The applicant filed an affidavit in support of the application. The defendant/respondent filed a counter-affidavit on 18/5/01. We heard the application on 6/2/02. Mr. Dele Awokoya, of counsel for the applicant in moving the application said that the same was brought pursuant to section 243 of the Constitution of the Federal Republic of Nigeria, 1999. He stated that the applicant had an interest in the subject-matter of the dispute between the plaintiff/respondent and the defendant/respondent in the appeal before this court. That interest was said to have arisen as a result of the applicant buying from the plaintiff/respondent a portion of the land in dispute between the two respondents. Counsel referred to Col. H. Yakubu v. Governor of Kogi State (1995) 8 NWLR (Pt.414) 386 at 390. He said that judgment was given in 1995 and the applicant acquired his interest from plaintiff/respondent in year 2000.
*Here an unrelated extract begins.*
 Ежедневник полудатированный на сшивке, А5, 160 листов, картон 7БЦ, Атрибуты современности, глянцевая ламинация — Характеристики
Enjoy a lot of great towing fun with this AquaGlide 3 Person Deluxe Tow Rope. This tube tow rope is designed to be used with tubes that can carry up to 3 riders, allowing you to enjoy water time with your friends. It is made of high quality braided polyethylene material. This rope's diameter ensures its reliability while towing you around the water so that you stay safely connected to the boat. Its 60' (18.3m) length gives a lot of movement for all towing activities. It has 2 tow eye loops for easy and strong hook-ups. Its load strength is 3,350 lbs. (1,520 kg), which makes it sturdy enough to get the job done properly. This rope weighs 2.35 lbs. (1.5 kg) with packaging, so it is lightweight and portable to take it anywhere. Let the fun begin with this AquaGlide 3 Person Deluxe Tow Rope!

Mr. Ayo Orobowale, of counsel for the defendant/respondent said that there was no deposition in the affidavit in support of the application that the applicant bought the land in the year 2000. He said that in any case, the notice of appeal was filed in 1999. Counsel relied on the doctrine of lis pendens and the following cases:
(i) Ogunsola v. NICON (1991) 4 NWLR (Pt. 188) 762 at
(ii) Ebueku v. Amola (1988) 2 NWLR (Pt. 75) 128 at 132
(iii) Abhulimen v. Namme (1992) 8 NWLR (Pt. 258) 202.
Counsel finally relied on section 22 of the Land Use Act, 1978.
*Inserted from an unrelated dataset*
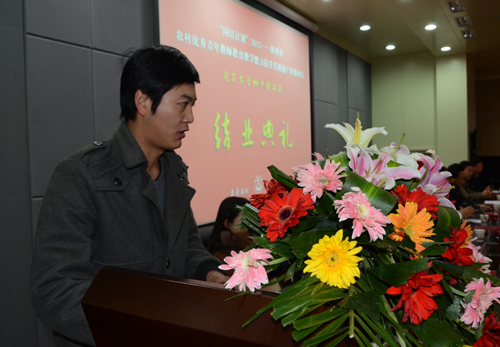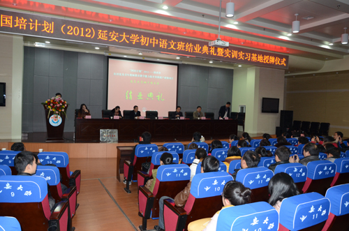典礼上,胡俊生副校长致了辞。我校教师培训中心主任、教科院院长闫世笙从培训内容和方式、培训特色、经验反思等方面,对这次培训工作进行了详细总结。实训基地学校代表、延安市军分区幼儿园园长刘晓丽,学员代表程章军和刘兴聪先后发了言。随后,闫世笙院长宣读了陕西省教育厅关于实习实训基地的文件。胡俊生副校长分别为延安市实验中学、延安大学附属中学、延安市洛杉矶保育院和延安市军分区幼儿园授了牌。闫世笙院长宣读了延安大学关于(2012)初中语文班结业的决定和学员课件制作大赛、讲课比赛获奖名单,在主席台就座的领导为获奖学员颁了奖。

In this ruling, I like to first set out the provisions of Section 243 of the 1999 Constitution under which the applicant claimed to have brought his application. The Section reads:
“243: Any right of appeal to the Court of Appeal from the decisions of the Federal High Court or High Court conferred by this Constitution shall be –
(a) exercisable in the case of civil proceedings at the instance of a party thereto or with the leave of the Federal High Court or the High Court or the Court of Appeal at the instance of any other person having an interest in the matter and the case of criminal proceedings at the instance of an accused person or subject to the provisions of this Constitution and any powers conferred upon the Attorney-General of the Federation or the Attorney-General of a State to take over and continue or discontinue such proceedings, at the instance of such other authorities or persons as may be prescribed;
(b) exercised in accordance with any Act of the National Assembly and rules of court for the time being in force regulating the powers, practice and procedure of the Court of Appeal.” (italics mine)
To be able to qualify to appeal against the decision of a court in a matter in which he was not a party, an applicant must show that he has an interest in the subject matter of the dispute. It seems to me that as the Constitution does not define the quantum of such interest, the interest may be substantial or nominal. In either case, it must be an interest which is cognisable under the general law. It cannot be a vague or nebulous interest; it must be such as can be supportable by argument in the appellate court. Therefore an applicant must exhibit his proposed grounds of appeal and the judgment against which he seeks to appeal as an interested party. It must be remembered that the purpose of section 243 of the Constitution is not to let in a person as a policeman to watch-over how the direct parties to the dispute are protecting the applicant’s rights or interest.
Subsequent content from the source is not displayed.